As forecasted in the Weekly, BTC is slowly pushing towards 35.5-37k area of a possible big reversal. Today’s candle signaled indecision and the trend could flip any way. However, due to a strong bearish pressure on the monthly and weekly frames, the bearish odds are high. Let’s have a look at the details.
While the candle is indecisive, it has the bearish flavor if considered in the context with the previous candles. It has been rejected at both 8 and 20 EMA and is placed right between them.
– If BTC tomorrow closes above today’s high, the odds would shift to the bullish side.
– If BTC tomorrow closes below today’s low, the leg down would begin.
– A closure between 8 and 20 EMA would mean the decision is deferred by at least one more day.
The current monthly and weekly candle formations signal further decline.
The projection of the corrective waves on a mini-level is an extremely difficult task and its outcome is less reliable than the one from the candles forecast. Please keep this in mind.
The coin seems to be moving towards the targets I identified on Saturday’s Weekly (link below).
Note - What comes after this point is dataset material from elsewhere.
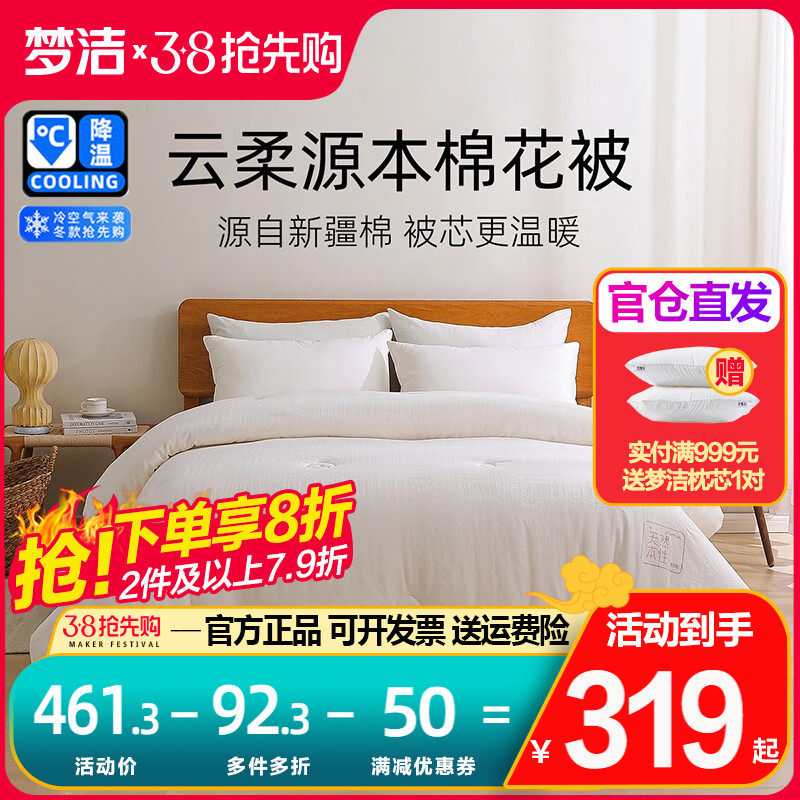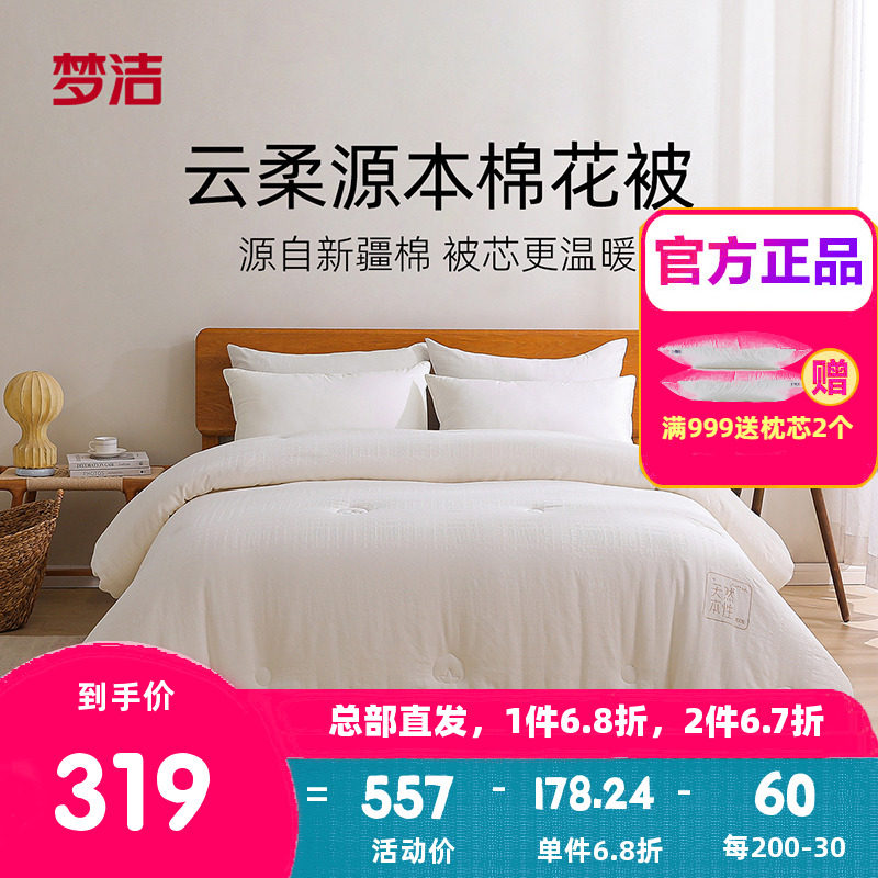 梦洁家纺被子棉花被纯棉全棉被芯四季加厚保暖冬被盖被云柔源本

As soon as BTC reaches $35500, watch for the signs of reversal. Based on the waves structure, I believe the most likely level for reversal would be $36200. Keep in mind that the waves could form a diagonal/wedge that is a typical for waves 5, before a direction change.
If a sharp reversal does not happen this month (before the cut-off on June 30), the chance of a rally would increase greatly.
Again, the closure on June 30 is very critical.